Daniel M. Rotroff, PhD
Daniel M. Rotroff, PhD, is an assistant staff member of the Lerner Research Institute with the Cleveland Clinic. Dr. Rostroff uses a wide-range of computational and experimental approaches to leverage 'omics' technologies and electronic health records (EHR) to investigate many aspects of precision medicine, such as biomarker or risk allele discovery for drug response and disease outcomes. Dr. Rotroff is a KL2 scholar and has received funding to develop methods that use genomic and clinical data to identify high-risk subtypes within type 2 diabetes. Other funded projects include the interaction of genomic, behavioral, and microbiome factors into a risk model for onset of chemotherapy-induced nausea and vomiting and the use of breath-based metabolomics as a screening tool for chronic liver diseases and hepatocellular carcinoma.
Frederick Schumacher, PhD
Frederick (Fred) Schumacher, PhD, is an associate professor in the Department of Population and Quantitative Health Sciences, with CWRU's School of Medicine. He also serves as the chair of the department's graduate program curriculum committee and serves on the department's PhD admissions committee. He also is the co-leader of the Cancer Prevention Control & Population Research Program, at the Case Comprehensive Cancer Center. As a genetic epidemiologist, Dr. Schumacher’s research interests are in three major areas: deciphering the inherited genetic architecture of complex traits; assessing the shared genetic etiology of complex phenotypes to elucidate the underlying biology; and determining the clinical impact of inherited variation.
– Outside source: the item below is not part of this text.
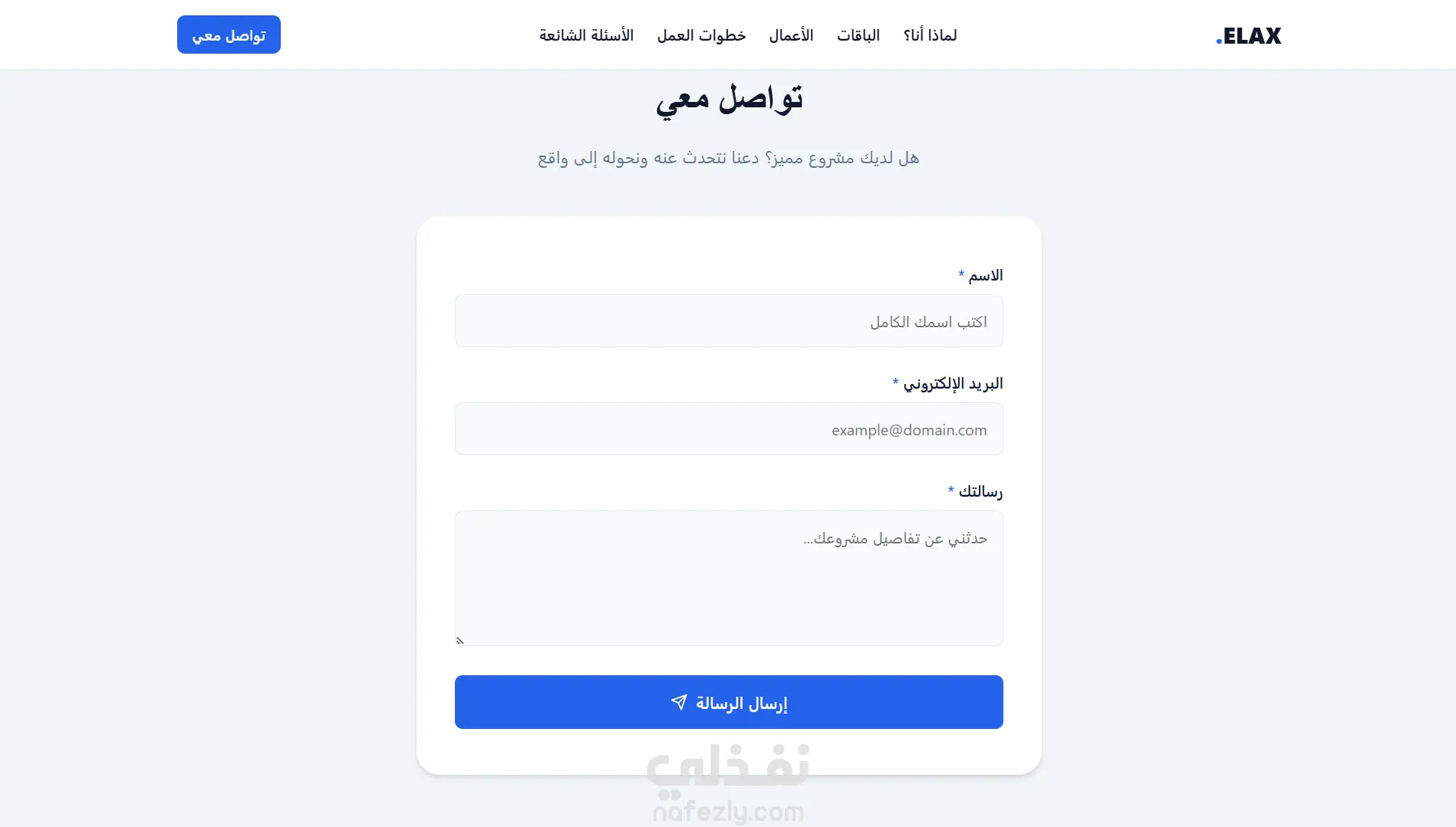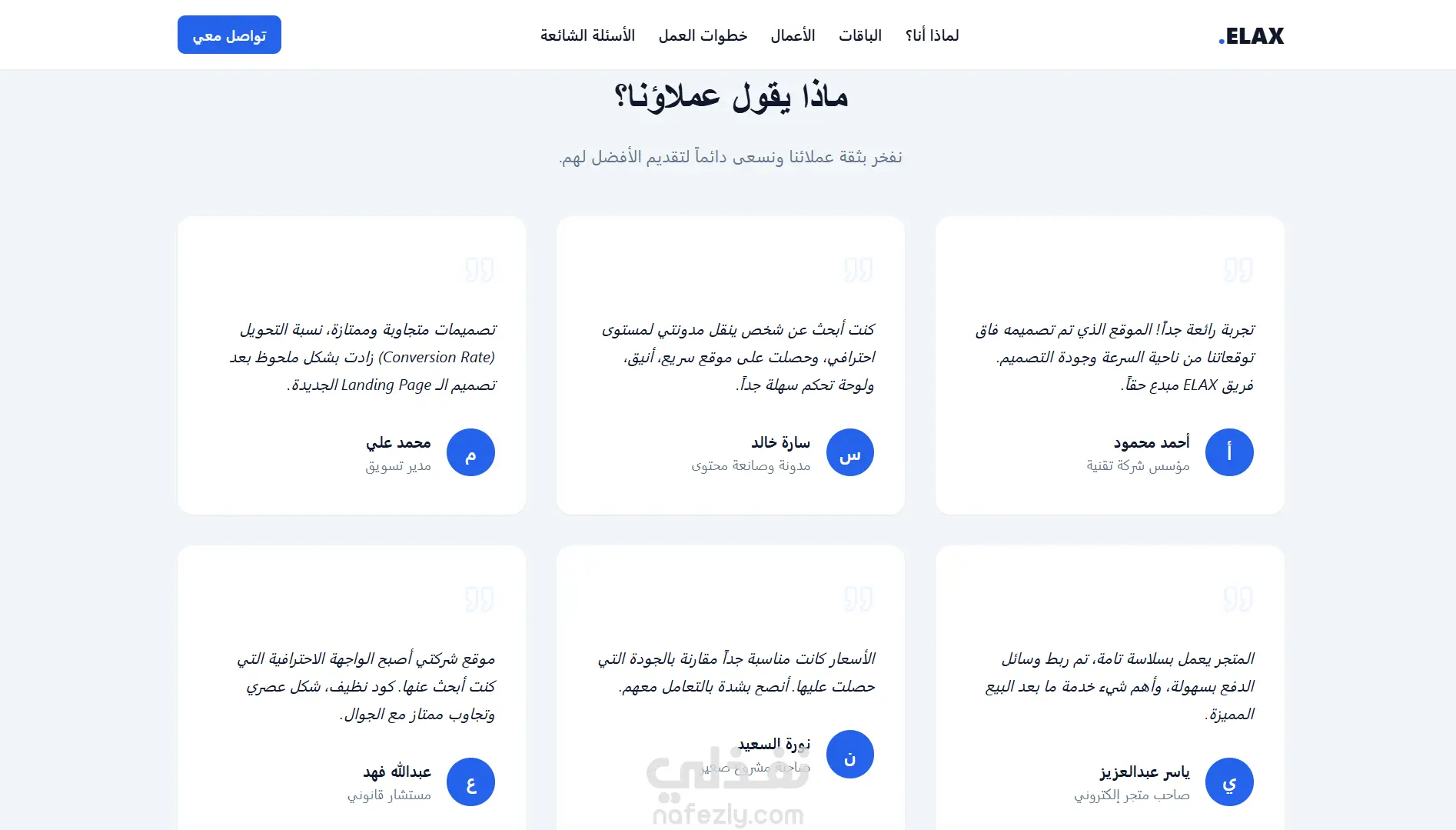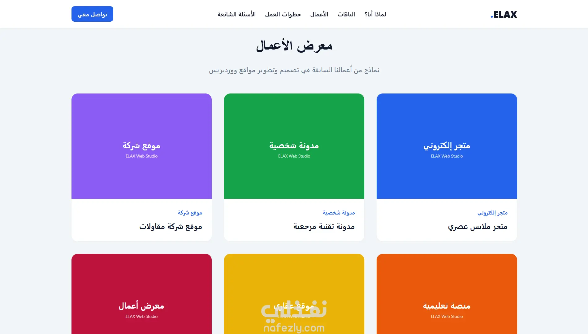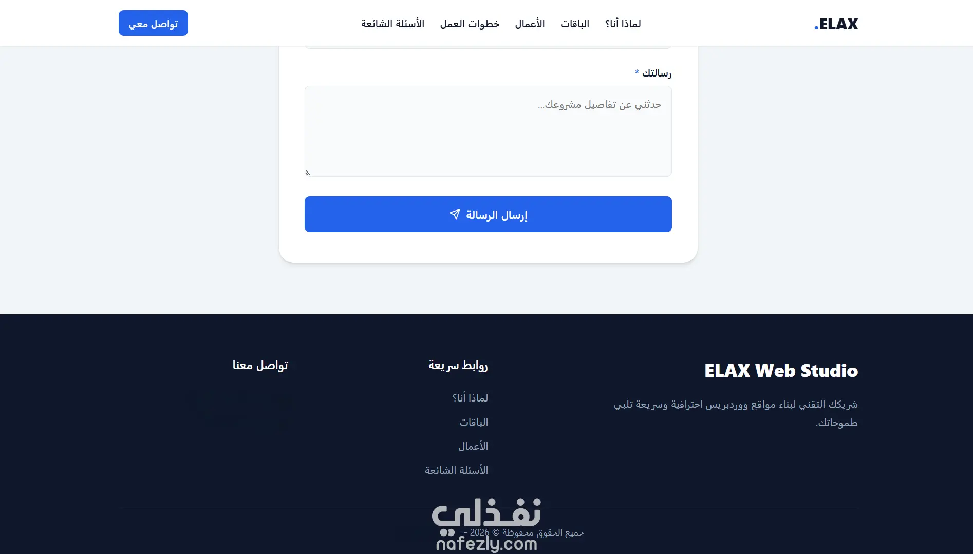 تصميم صفحة هبوط ووردبريس احترافية ومتجاوبة باستخدام Elementor بنفس أسلوب نماذجي وبأقسام جاهزة (باقات، أعمال، خطوات، FAQ، وتواصل).

His primary research focus is on cancer, particularly prostate cancer. He is an international leader in the study of the role of germline genetics in cancer susceptibility and progression. For more than a decade, he has led large multi-study consortia within and across cancers (i.e. Breast and Prostate Cancer Cohort Consortium, NCI GAME-ON, etc.). These consortia have enabled the discovery of cancer genetic risk factors, the generalizability of genetic effects among non-European ancestral populations, and the evaluative utility of genetics in cancer risk prediction.
Xiaofeng Zhu, PhD
Xiaofeng Zhu, PhD, is a professor in the Department of Population and Quantitative Health Sciences with CWRU's School of Medicine. Dr. Zhu has developed many statistical methods in the areas of association analysis, population stratification and admixture mapping, and has had extensive experience in the design and analysis of genetic studies over the past 20 years. He and his colleagues suggested using principal components to summarize the genetic background information provided by a set of independent markers, this information to be used in association mapping for both quantitative and qualitative traits. Together with his colleagues, he performed the first admixture mapping study using microsatellite markers.
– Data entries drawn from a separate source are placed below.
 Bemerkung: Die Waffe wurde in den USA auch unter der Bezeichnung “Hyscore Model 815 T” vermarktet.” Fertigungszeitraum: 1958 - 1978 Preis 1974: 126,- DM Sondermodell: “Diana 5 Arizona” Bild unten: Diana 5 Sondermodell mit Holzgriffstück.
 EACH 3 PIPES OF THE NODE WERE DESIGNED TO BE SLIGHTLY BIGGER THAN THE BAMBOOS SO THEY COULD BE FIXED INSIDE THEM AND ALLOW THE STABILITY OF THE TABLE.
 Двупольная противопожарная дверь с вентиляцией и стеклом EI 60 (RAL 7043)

His group has developed several novel statistical methods to identify rare variants, contributing to the understanding of phenotypic variations. His group also developed cross-phenotype association (CPASSOC) that can integrate association evidence from summary statistics of multiple traits, either correlated or independent, continuous or binary, coming from the same or different studies. He leads the Continental Origins and Genetic Epidemiology Network (COGENT) consortium, and has identified multiple loci associated with blood pressure traits in African-Ancestry population. He and his colleagues have also identified many genetic loci associated with sleep disorders.